- _Data_:
┄┄┄┄┄┄┄┄┄┄
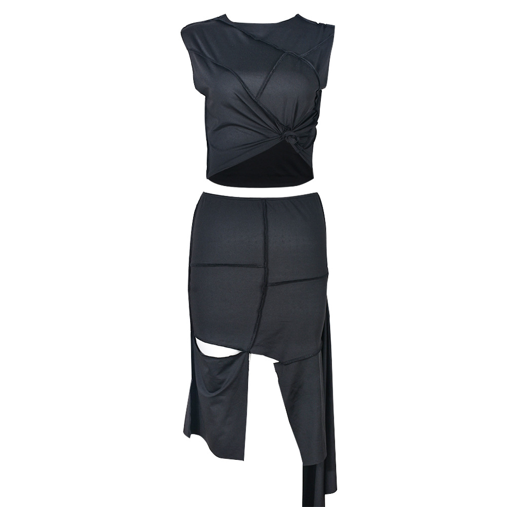 Women Clothing Summer Beggar Dress Cropped Exposed Irregular Asymmetric Trend Sexy Two Piece Set
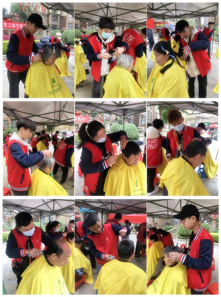 廣西理發(fā)實踐、廣西美發(fā)社會活動免費:3月初始,廣西理發(fā)師學(xué)校(麗竹美發(fā)學(xué)校)的志愿者們在黃老師的帶領(lǐng)下,不畏嚴(yán)寒,來到普羅旺斯小區(qū)為居民們送上了暖冬的慰問,在中心廣場上舉行免費理發(fā)活動。
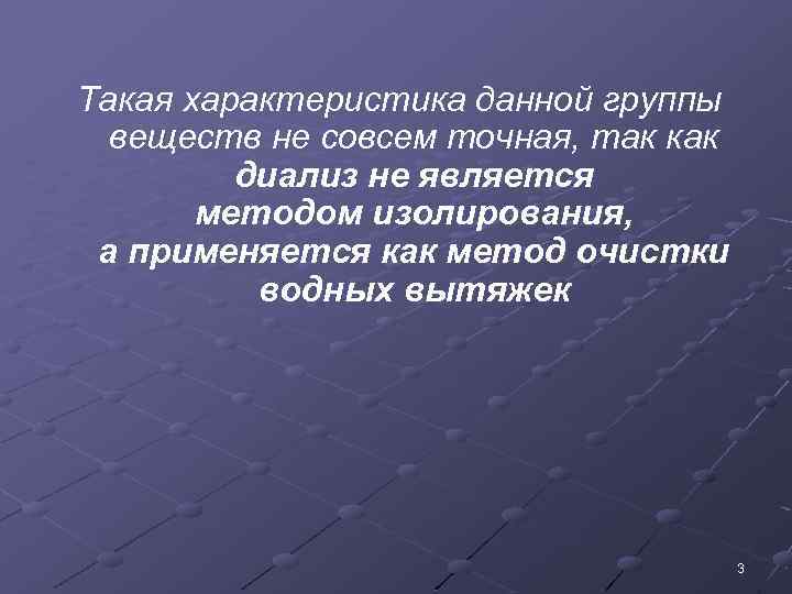 Такая характеристика данной группы веществ не совсем точная, так как диализ не является методом изолирования, а применяется как метод очистки водных вытяжек 3
┄┄┄┄┄┄┄┄┄┄
- _Your goal_:
Reproduce the listing word for word. Do not carry over the pictures.

- _Written answer_:
 Women Clothing Summer Beggar Dress Cropped Exposed Irregular Asymmetric Trend Sexy Two Piece Set
 廣西理發(fā)實踐、廣西美發(fā)社會活動免費:3月初始,廣西理發(fā)師學(xué)校(麗竹美發(fā)學(xué)校)的志愿者們在黃老師的帶領(lǐng)下,不畏嚴(yán)寒,來到普羅旺斯小區(qū)為居民們送上了暖冬的慰問,在中心廣場上舉行免費理發(fā)活動。
 Такая характеристика данной группы веществ не совсем точная, так как диализ не является методом изолирования, а применяется как метод очистки водных вытяжек 3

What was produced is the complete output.